Она, с сожалением преодолев желание устроить в кабинете небольшой погром, а псих-президенту показать кусочек карате, осталась на месте. Лечил все-таки, подумала она. Да и какая проблема, у нее и держаться-то не за что. И вообще Лушка не понимает, чего у мужиков за дитячье пристрастие к тому, что вовсе не для них существует, — в младенчестве не докормились, что ли? Все равно теперь поздно. Не наполнишься. Бедняги, так и живут голодные, вдруг пожалела Лушка и посмотрела на псих-президента почти с сочувствием.

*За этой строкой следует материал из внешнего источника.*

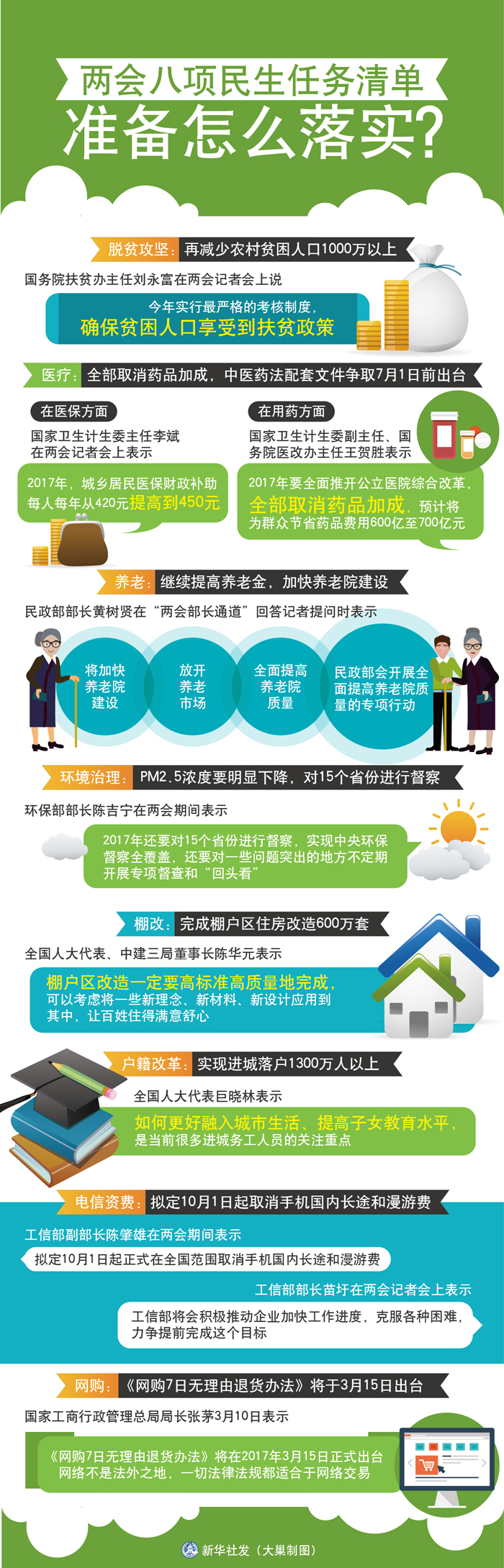 圖表:兩會八項民生任務(wù)清單準(zhǔn)備怎么落實? 新華社發(fā) 大巢制圖

От неопределенной джокондовской улыбки псих-президент неосмотрительно моргнул и внезапно деловой походкой направился за свой стол, где взял первую попавшуюся историю болезни — может, и Лушкину, — и больше не поднимал глаз, будто Лушки не было и прошедшего не существовало.
А так и запишет, как повернул, поняла Лушка. Что я у него тут валялась и за штаны хватала. И неизвестно, что там еще наворочено. Пополам бы — и за окно!
Псих-президент с недоумением развернулся к окну.
Скажу — и выбросит, мстительно подумала Лушка. Но опять медлила, опять ничего такого не совершила. Да какая мне разница. Как все, так и я. Пусть пишет что хочет.
— Продует вас, Олег Олегович, — сказала Лушка. — Простудитесь.
И, повернувшись к главному больному спиной, неторопливо вышла.
Лист уколол палец. Лушка отдернула руку. Влажная тряпка зацепилась за зазубренный край и склонила ветвь к оплетенному веревкой ящику, который служил для пальмы отдельной планетой. Извини, встрепенулась Лушка. Я задумалась и забыла.
А вот бы она мне ответила: это ты извини, потому что я тебя не узнала.
Да, сказала бы я, от меня распространились сумерки, я чувствую их до сих пор. Я думала, что у нее он прощения просил, а у меня нет. Я думала — со мной можно хоть как. Хотя могла научить этой всякой культуре в пять минут — хоть через плечо, хоть через колено. Хочешь знать — непонятно, почему я не сделала этого… Ну вот, я вытерла тебе последний лист. Так тебе лучше?